Mr. BAILEY. In discussing H. R. 3095, and particularly the pension provision, the amount of $60 a month, would you advise that be made à general distribution to all the physically handicapped, or would you confine it to those who would be on the pale of rehabilitation?

Mr. WALKER. Mr. Chairman, we believe as a starter the pension of $60, if provided for those who are presently in such condition they cannot be rehabilitated, would be a first step, definitely, in the right direction.

Mr. BAILEY. The point that I was making was this: Unless you did confine it to that particular group, you would be paying pensions to people that you are already carrying the entire load of rehabilitation for.

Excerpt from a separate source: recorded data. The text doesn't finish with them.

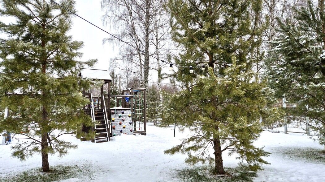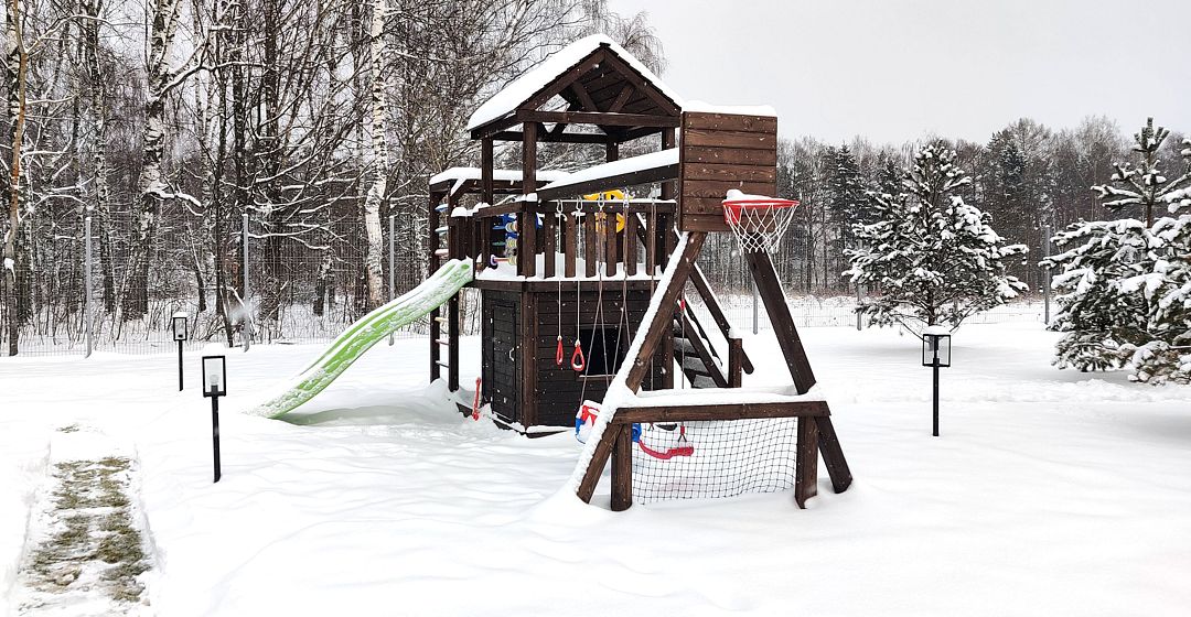 На территории есть деревянный игровой комплекс с качелями и песочницей. Расположен ближе к домику у поля.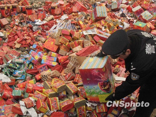 2月24日,北京对五千余箱非法、伪劣、超标烟花爆竹进行统一销毁。截至目前,全市累计查处非法烟花爆竹案件四百六十二起,收缴非法、伪劣、超标烟花爆竹两万六千余箱,处理人员五百六十一人。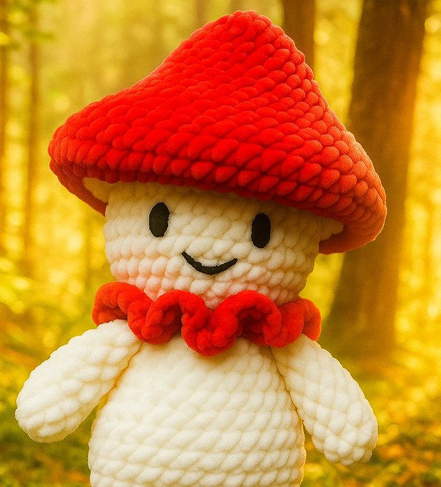 Doudou champignon réalisé à la main au cochet doux et moelleux avec oeil brodé pour les tout petits.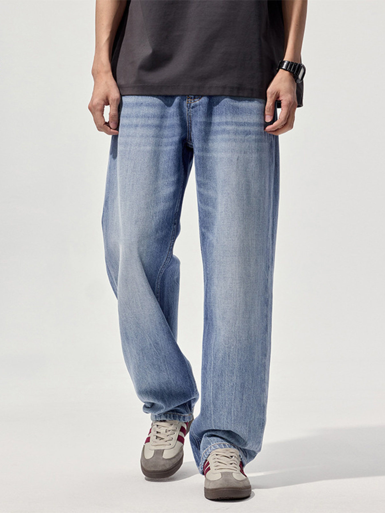 Men's Wash Wide Leg Relaxed Fit Jeans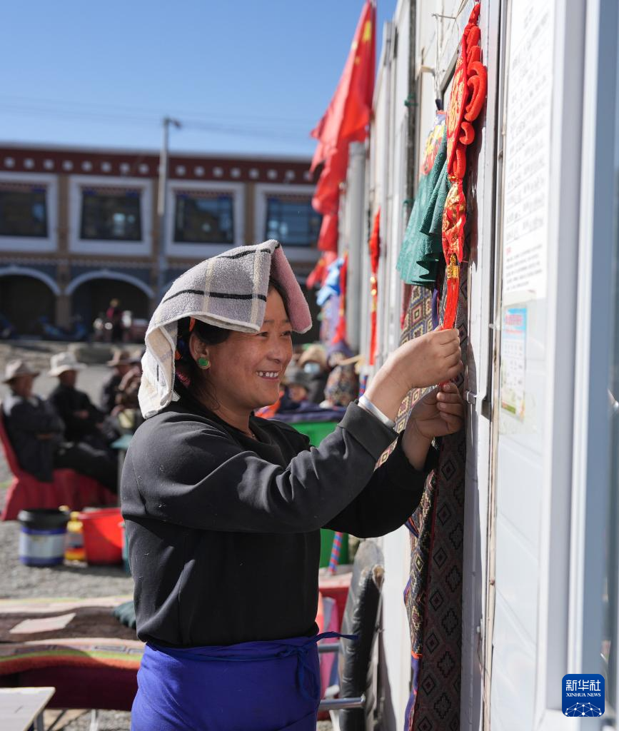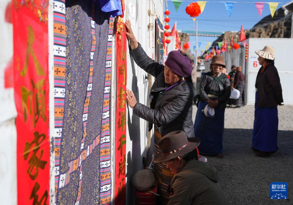 1月26日,拉孜縣吉如村安置點群眾在掛吉祥結。新華社記者 晉美多吉 攝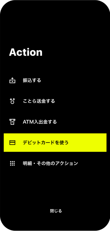 「Action」画面の「デビットカードを使う」をタップしてください。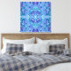 Print on canvas featuring whimsical arabesque pattern, stylized lupine flowers and leaves, bohemian / ethnic / hippie / vintage style. This design was elaborated from hand drawn acrylic painting. Colour palette: blue, azure, teal, ultramarine, cobalt, lavender.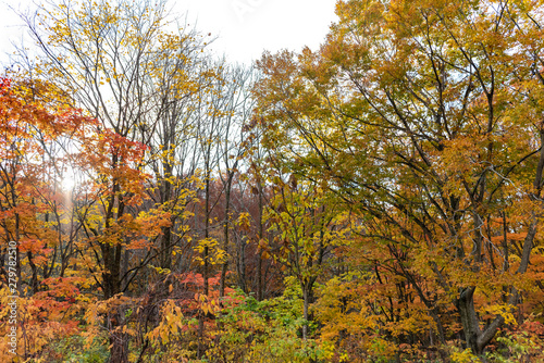 © Shawn.ccf, Fototapeta premium Autumn foliage scenery view, beautiful landscapes. Colorful forest trees in the foreground, and sky in the background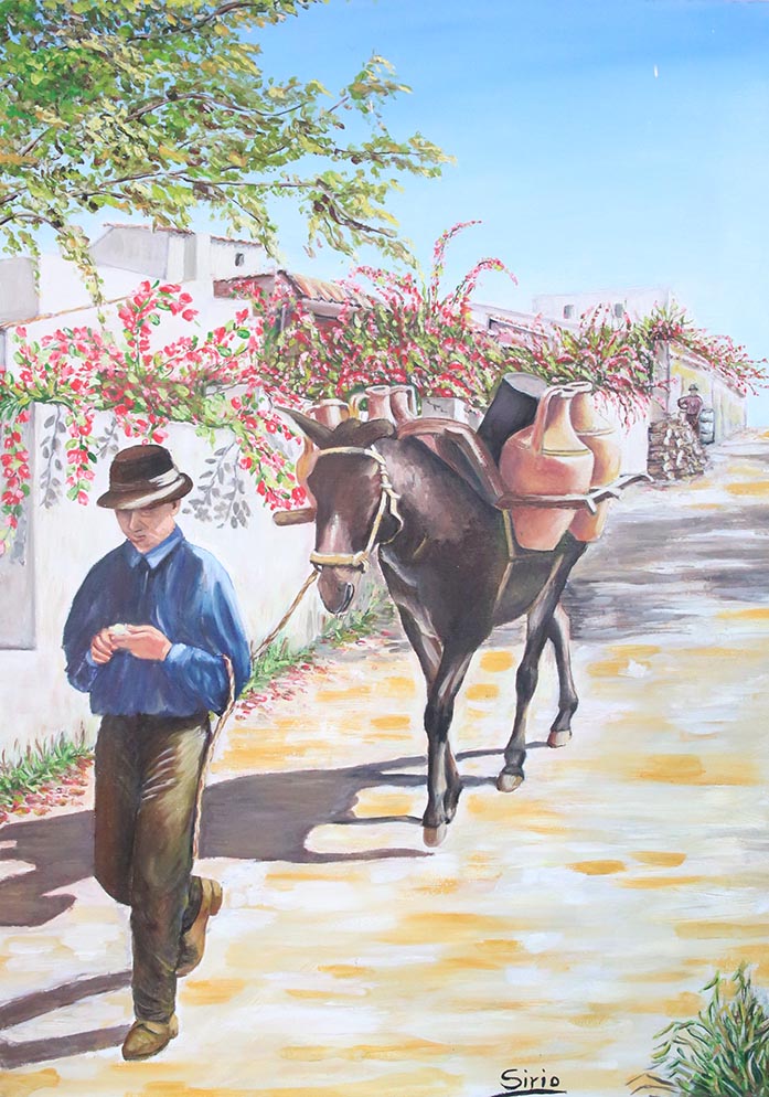 Evira Sirio Tecnica mista su tela 70x50 Il ritorno dalla fonte 2015 Autentica dell'artista su foto Firmato in basso a destra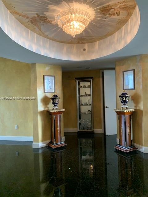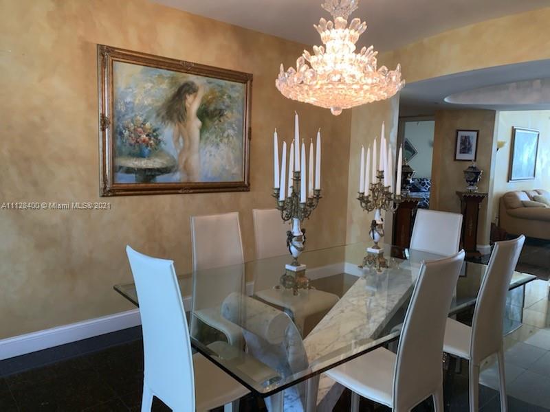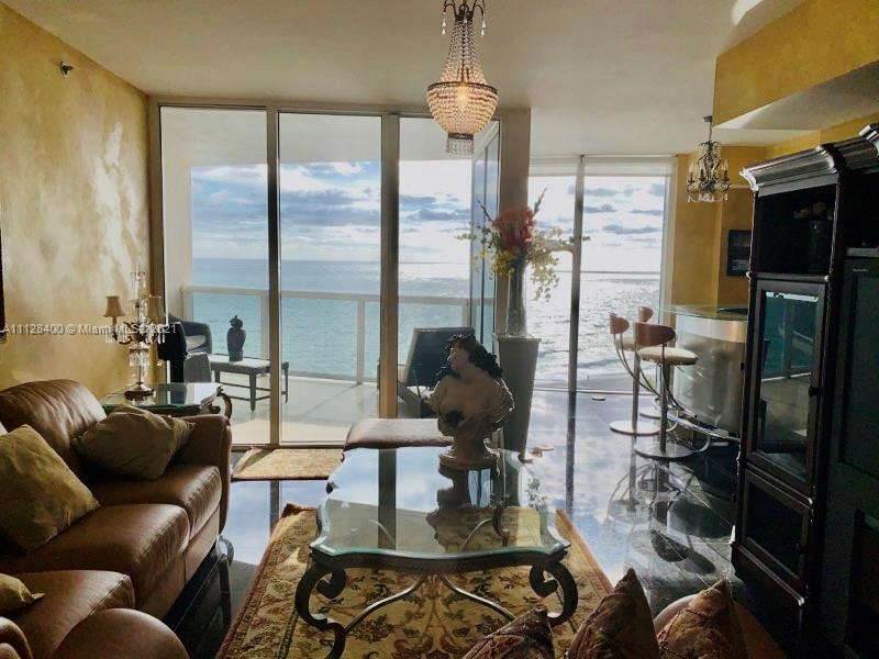 Enjoy stunning ocean & city views from this beautiful 2 bedroom, 2.5 bath in the heart of Sunny Isles Beach. Step off your elevator to your private hand painted foyer. Upon entry your eyes will be drawn to the Italian gorgeous hand painted ceiling. Enjoy your family dinners in the beautiful formal dining room. Eat in euro kitchen has fabulous views of the city, master bedroom has huge walk in closets & bathroom with double sink vanity. Split bedroom floorpan. Minutes from Aventura Mall & Bal Harbour shops. Fabulous amenities including full beach and pool service, bistro bar, tennis courts, party room, rooftop jacuzzi, spa, gym, valet, 24 hour security & more. Unit being sold furnished. Artwork not included. Professional photos coming next week! Parking space A149. Storage space 11c&d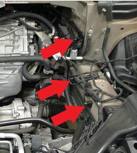 NoteSlide the lines underneath the A/C lines and coolant hose. Rotate upside down, gently pull up and out while guiding the brake lines between the coolant and A/C lines.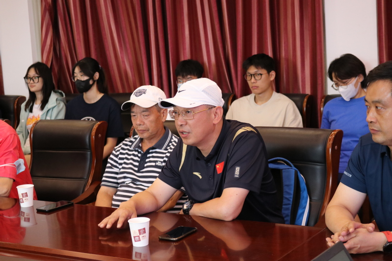 丁海峰首先介绍了我校本届运动会备战与参赛情况。省运会作为我省最高级别的综合运动会,每四年举办一届,是检阅全省各高校群体工作开展、运动队训练成果的盛会。在校体委的领导下,我校将参加17个大项中的13个大项的比赛,共有16名教练员,200余名运动员参加此次比赛。各运动队自组队以来,积极备战,常态化开展训练,王鲁沛副书记亲赴一线给各运动队加油鼓劲,并帮助同学们解决了在校期间的实际困难。虽然今年疫情发生以来,部分运动队封校进行训练遇到了不少困难,但全体教练员、运动员咬紧牙关、攻坚克难、专心备战,竞技水平均由不同层次的提升。
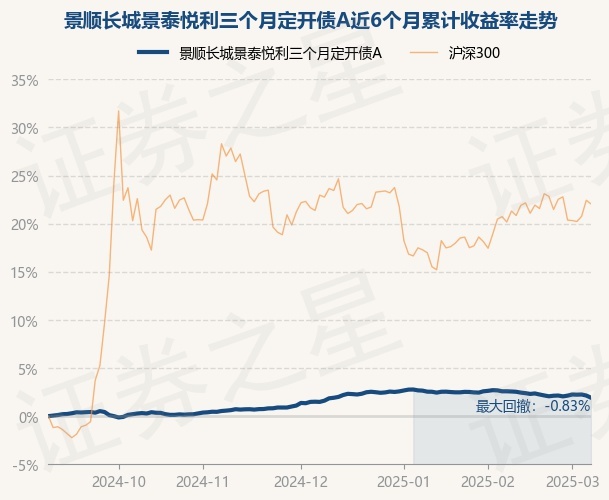 证券之星消息,3月7日,景顺长城景泰悦利三个月定开债A最新单位净值为1.0353元,累计净值为1.1179元,较前一交易日下跌0.22%。历史数据显示该基金近1个月下跌0.74%,近3个月上涨0.43%,近6个月上涨1.92%,近1年上涨4.81%。该基金近6个月的累计收益率走势如下图: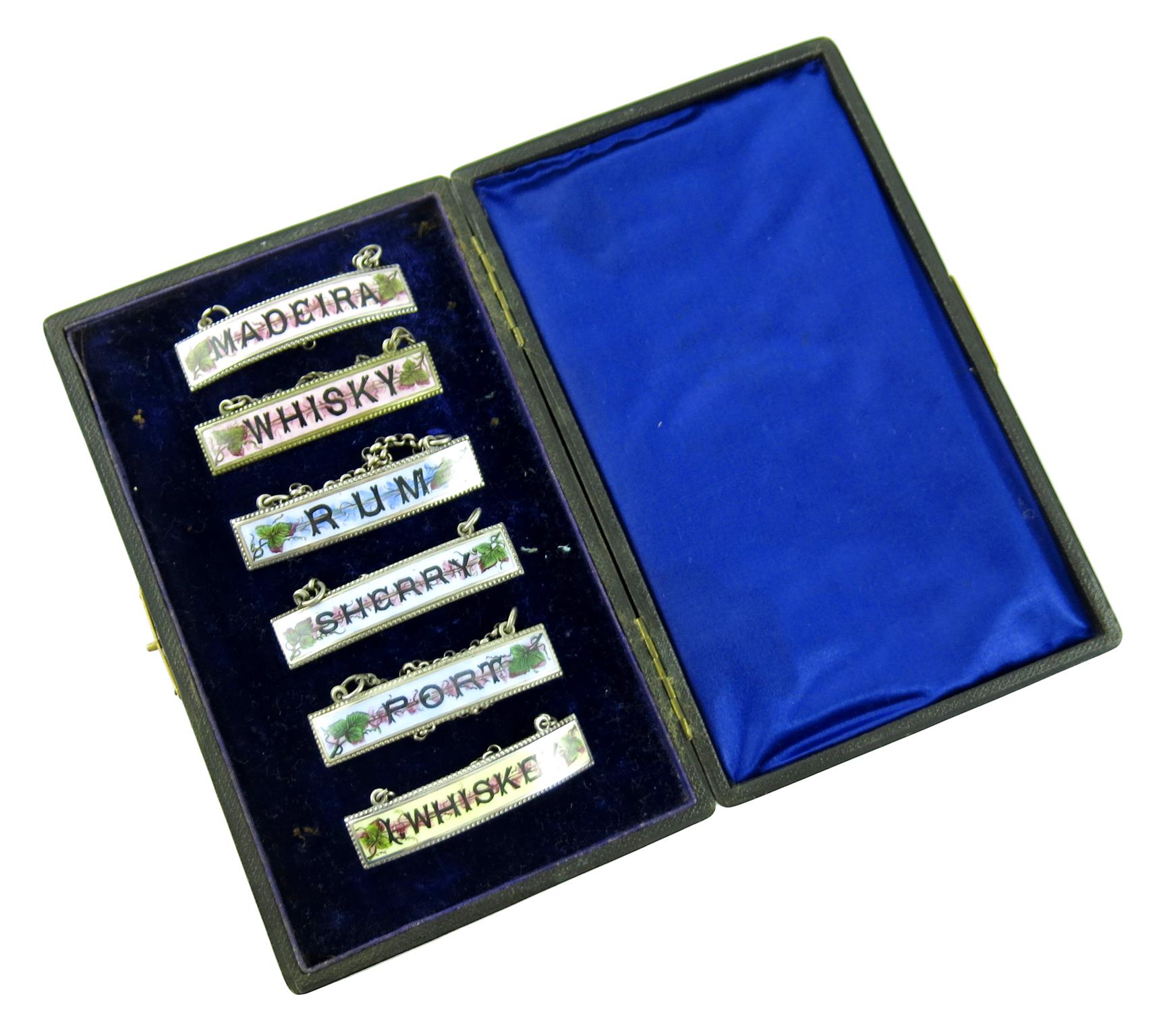 narrow rectangular form, beaded borders, the centres enamelled 'WHISKEY', 'SHERRY', 'PORT', 'RUM', 'MADEIRA' and 'WHISKY', in a case. (6)

Mr. WALKER. We believe that those who can be rehabilitated to the point where they can earn their own living would be much better, and the pension should be provided for those not capable of earning their own living

Mr. Chairman, if I may be permitted, I would like to add this one thought which came to me as I sat in the committee room this morning. We are very much concerned with regard to the pending legislation. There is great need for it, and we certainly do not want to see it bogged down due to any so-called jurisdictional dispute as to who may administer it, because we in labor know something about jurisdictional disputes. I merely inject that thought after listening to the presentation here before your committee this morning.